A further contention of the appellant is that it is entitled to an exemption under the provisions of the Tax Commissioner's Rule 39. However, there are at least two difficulties with this complaint The first is that the Board of Tax Appeals found there was no necessary assignment of error raising this question. Secondly, the rule-making authority of the Tax Commissioner obviously does not permit him to amend or enlarge the controlling provisions of the statutes.

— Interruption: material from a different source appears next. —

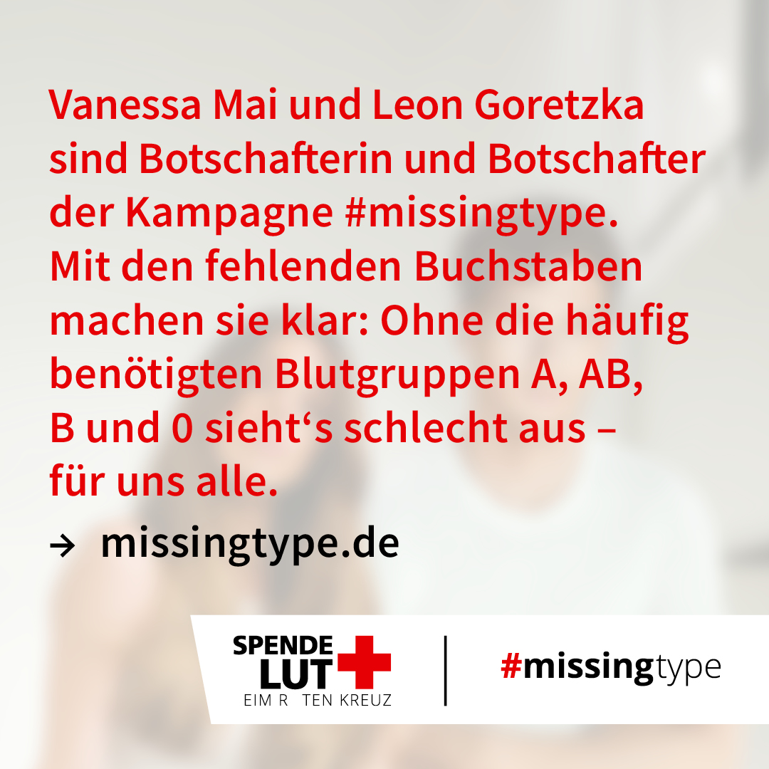 Vanessa Mai und Leon Goretzka unterstützen als Botschafterin und Botschafter unsere diesjährige #missingtype Kampagne und machen auf die Notwendigkeit von Blutspenden aufmerksam. Vielen Dank!
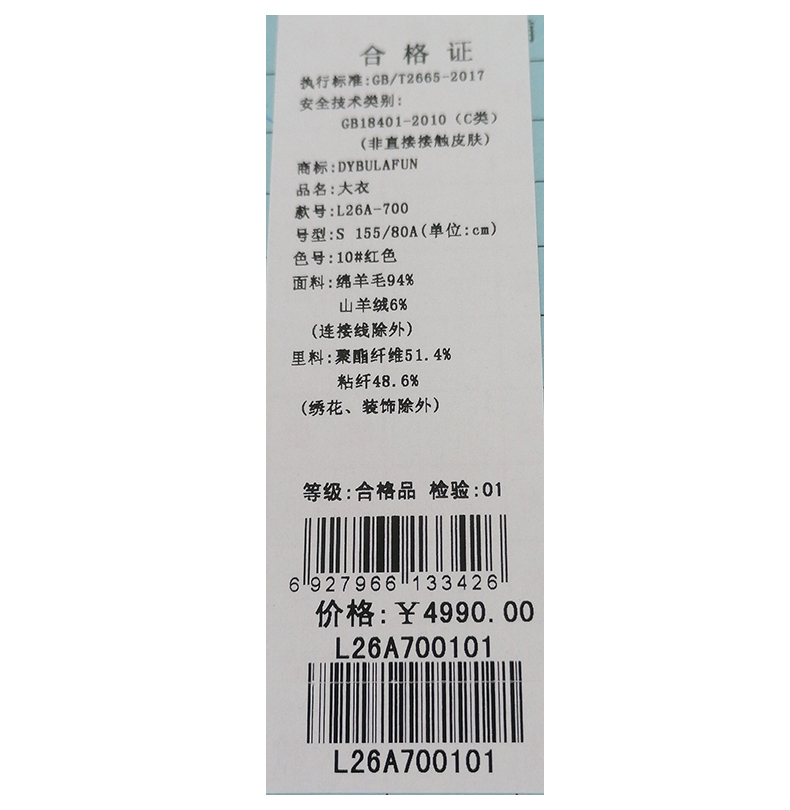 戴布拉芬大衣L26A700

Restated and reduced to its lowest terms, the questions before this court is whether the statutory sales and use tax exceptions are applicable to tools purchased and used for the manufacture of other tools which in turn are later used directly in the manufacture of automobile body panels to be sold by the appellant. The appellant asks this court to hold that since the manufactured tools are used directly in the manufacture of body panels the purchased tools likewise are used directly in the later manufacture of the body panels although the use of the purchased tools is limited to the earlier production of the manufactured tools. To so hold would constitute a disregard of the plain meaning of the word "directly" which the dictionaries define as "without the intervention of a medium or agent." It would seem beyond cavil that the manufactured tools are an intervention between the purchased tools and the final body panels.

The decision of the Board of Tax Appeals is affirmed.

Decision affirmed.

ZIMMERMAN, TAFT, MATTHIAS, BELL, HERBERT and PECK, JJ., concur.